### WHAT YOU NEED TO DO
No image is to be carried over; reproduce the rest of the listing word for word.

### DATA EXTRACT
+-------+
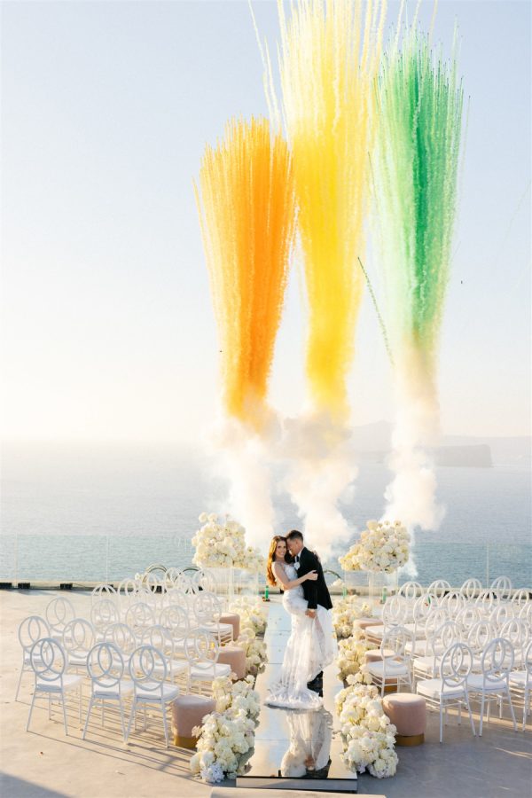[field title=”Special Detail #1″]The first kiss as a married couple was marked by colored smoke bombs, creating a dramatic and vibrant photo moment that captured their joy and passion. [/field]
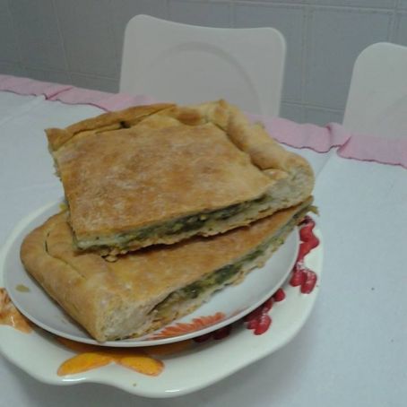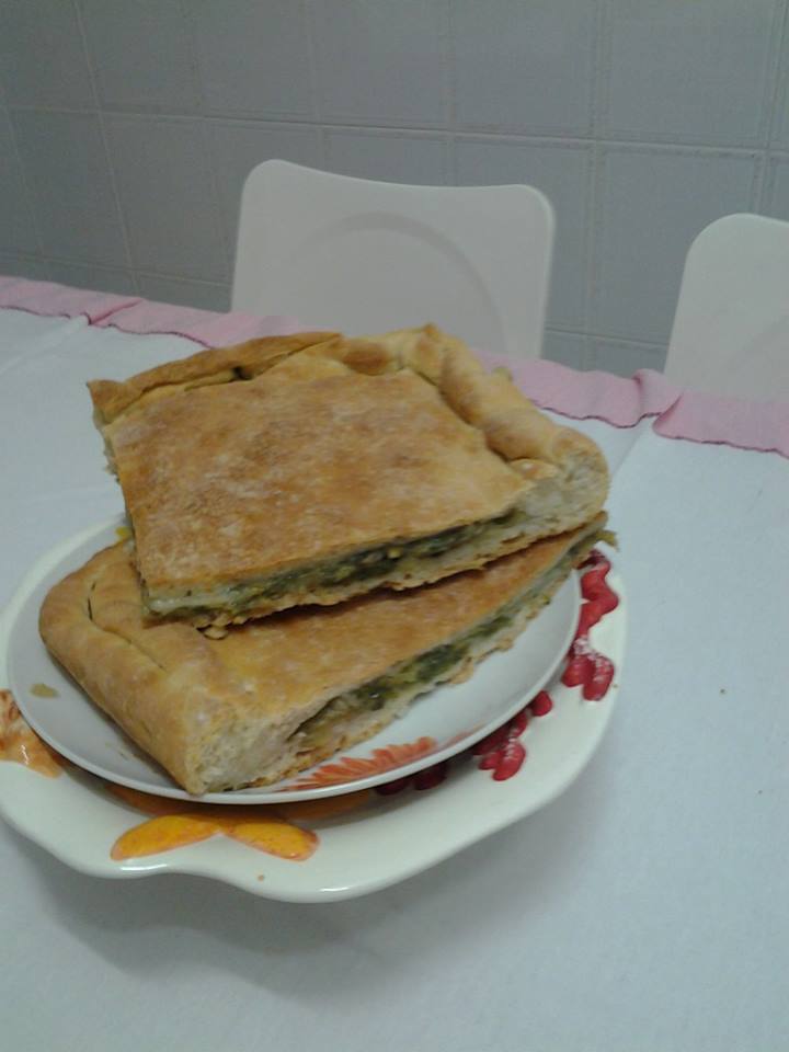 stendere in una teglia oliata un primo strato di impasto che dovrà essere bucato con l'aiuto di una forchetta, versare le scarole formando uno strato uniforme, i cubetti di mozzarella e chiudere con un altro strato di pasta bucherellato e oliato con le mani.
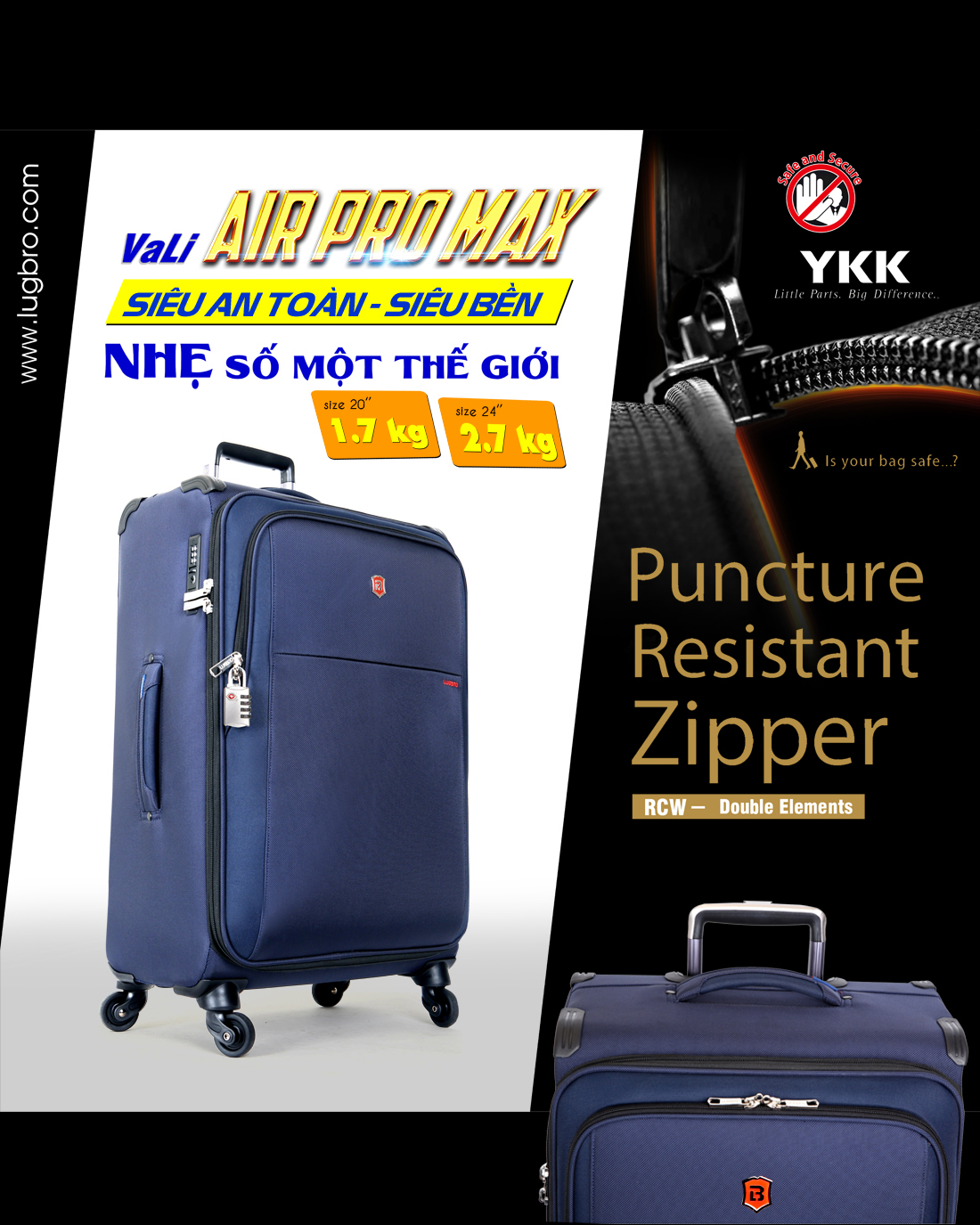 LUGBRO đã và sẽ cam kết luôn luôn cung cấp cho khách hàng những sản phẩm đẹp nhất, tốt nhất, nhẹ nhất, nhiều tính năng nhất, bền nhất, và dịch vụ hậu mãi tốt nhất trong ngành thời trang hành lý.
+-------+
### SOLUTION TO THE EXERCISE
[field title=”Special Detail #1″]The first kiss as a married couple was marked by colored smoke bombs, creating a dramatic and vibrant photo moment that captured their joy and passion. [/field]
 stendere in una teglia oliata un primo strato di impasto che dovrà essere bucato con l'aiuto di una forchetta, versare le scarole formando uno strato uniforme, i cubetti di mozzarella e chiudere con un altro strato di pasta bucherellato e oliato con le mani.
 LUGBRO đã và sẽ cam kết luôn luôn cung cấp cho khách hàng những sản phẩm đẹp nhất, tốt nhất, nhẹ nhất, nhiều tính năng nhất, bền nhất, và dịch vụ hậu mãi tốt nhất trong ngành thời trang hành lý.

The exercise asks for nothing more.